By the time my alarm goes off on Monday morning, I'm already standing next to my bedroom floor and ceiling windows, coffee mug in hand.

With a sigh, I reach onto my bed and shut it off, before turning on some music for my morning. I listen to the words of the lyrics and the meaning behind them as I grab the clothes I picked out two hours ago when I woke up.

It's ridiculous. I'm a twenty four year old woman that's worried about an interview for a job I don't even need.

Not for the money anyway.

Ignoring the self pity that seems to be there more often than not lately, I head into my bathroom, setting my clothes on the counter in their usual spot. I open my shower curtain and strip from my t-shirt silently mourning the days when I didn't have to lift a finger.

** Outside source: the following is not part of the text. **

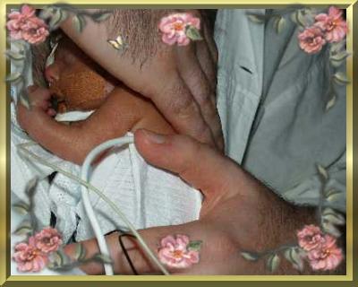 We are very sad to share the news of the death of our sweet and wonderful baby girl Imogen. Imogen was born at 28 weeks gestation in a state of good health, but weighing only 500 grams. To look into her huge, penetrating, intelligent eyes was to fall in love with a unique and fiesty little girl. And all of us who have loved her together have hoped and prayed for her to grow up as our most ardent desire. And she tried as hard as ever anyone could to do just that. Beating bacterial infections, pneumonia and all the hardships of prematurity. But she couldn't grow fast enough and the ventilator that eased the huge burden of breathing with such tiny lungs slowly destroyed those very lungs. Making, in the end, her need for oxygen more than she could manage. The last time we weighed Imogen she was 860 grams. Growth, but not enough new lung tissue to reduce her ventilation. Instead Imogen was caught in a spiral of worsening Chronic Lung Disease as the pressure of the ventilated air scarred her lungs, requiring ever more pressure to inflate her lungs, causing more damage and so on... In her 75 days Imogen had some wonderfull times. Watching all her friends in the New Born Care Centre; listening to her Daddy reading stories; wearing beautiful outfits sent from all over the world by her friends; holding hands, snuggling; sitting outside and listening to the rain; and taking a bubble bath. After some nearly fatal episodes it was clear on Wednesday that she was tiring and only had a short time left. Rather than have her experience the suffering of an acute episode, perhaps without us there, we decided instead to withdraw support on Wednesday afternoon. Karin and I both got to hold Imogen for 2 hours, we then gave her a bath (with bubble jets from the oxygen hose). We then took her off all the machines and Dr John hand ventilated her while we took her into a nice quite room and sat with her on the balcony awhile. Karin held Imogen and we all held hands as her tube was removed. She slipped away fairly quitely apart from some last gasps....

My brother thinks I let my partners spoil me until I can't manage anything by myself, but it's more than just asking someone to gather my clothes because they're too far for me. It's about watching their excitement and content flourish along the flush in their cheeks when I ask them to do my task for me.

Their eagerness to please.

I shake myself awake from my taunting daydream of sweet blue eyes, and toss my shirt into the hamper to be washed, my night terrors making laundry more of a daily habit.

Quickly, I take a shower, singing to myself quietly as I lather my hands and then body, rubbing in the sweet smelling foam as the steam floods my senses. I slowly inch the temperature of the water up until my skin is red, but the burning pain with the soothing tempo of water falling across my skin feels so relaxing, for a moment I can breathe the air that I'm left with now that I'm finally alone.

Once my skin is a nice pretty blush, I get out from under the water, shutting it off as a exit the shower, panting lightly with the steamless air outside of the shower. Without looking up, I grab my deodorant and lotion and get my body smelling good, my mind racing a mile a minute.

I leave my towel sprawled on the floor, stepping into my bedroom and sighing in mild relief at the cool air that blasts onto my body.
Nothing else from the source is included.